Monday, June 21, 2010

"Who Is This Clown?" NYU Prof. Tony Judt Asks, Denying Michael Wolff Allegation That He "Made Up" Son's Contribution To NYT Op-Ed Piece.

This morning, media critic Michael Wolff posted a piece on his newser.com blog claiming that NYU professor Tony Judt "made up" his son's portion of their Father's Day dialogue published on yesterday's NYT op-ed page.

Contacted this morning by The NYTPicker, Judt -- a widely respected Euopean historian who is paralyzed from the neck down as a result of a 2009 ALS diagnosis -- flat-out denied Wolff's accusation, and attacked the columnist for failing to contact him first.

"Who is this clown Wolff - I've never heard of him," Judt told The NYTPicker via email. "What sort of media commentator doesn't check his facts first? He could have written to Daniel or me and we could have set him right. Since, as he kindly points out, I have advanced ALS and use a secretary for dictation, he could have checked with him too. But then he would not have had a story."

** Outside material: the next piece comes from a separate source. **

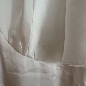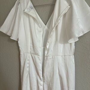 Lulus Eternal Bond White Satin Ruffled Flutter Sleeve Maxi Dress! Lightweight stretch-woven satin sweeps from short fluttery sleeves into gathered cups with a V-neckline and a set-in waist. A figure-skimming maxi skirt is adorned with flouncy ruffles as it falls to an asymmetrical, high-low hem. Hidden back zipper/clasp.

Judt went on to defend his son, Daniel, against the specifics of Wolff's charge -- unsupported by anything aside from the columnist's supposition -- that his portion of the dialogue was in fact written by his father.

"He could also have made the perfectly reasonable assumption that an intelligent 15 year old (not 16, another mistake) was capable of writing good prose drawing on his own views," Judt wrote. "But perhaps Mr Wolff is not acquainted with any intelligent 15 year olds." Daniel Judt is currently a ninth-grader at the Dalton School.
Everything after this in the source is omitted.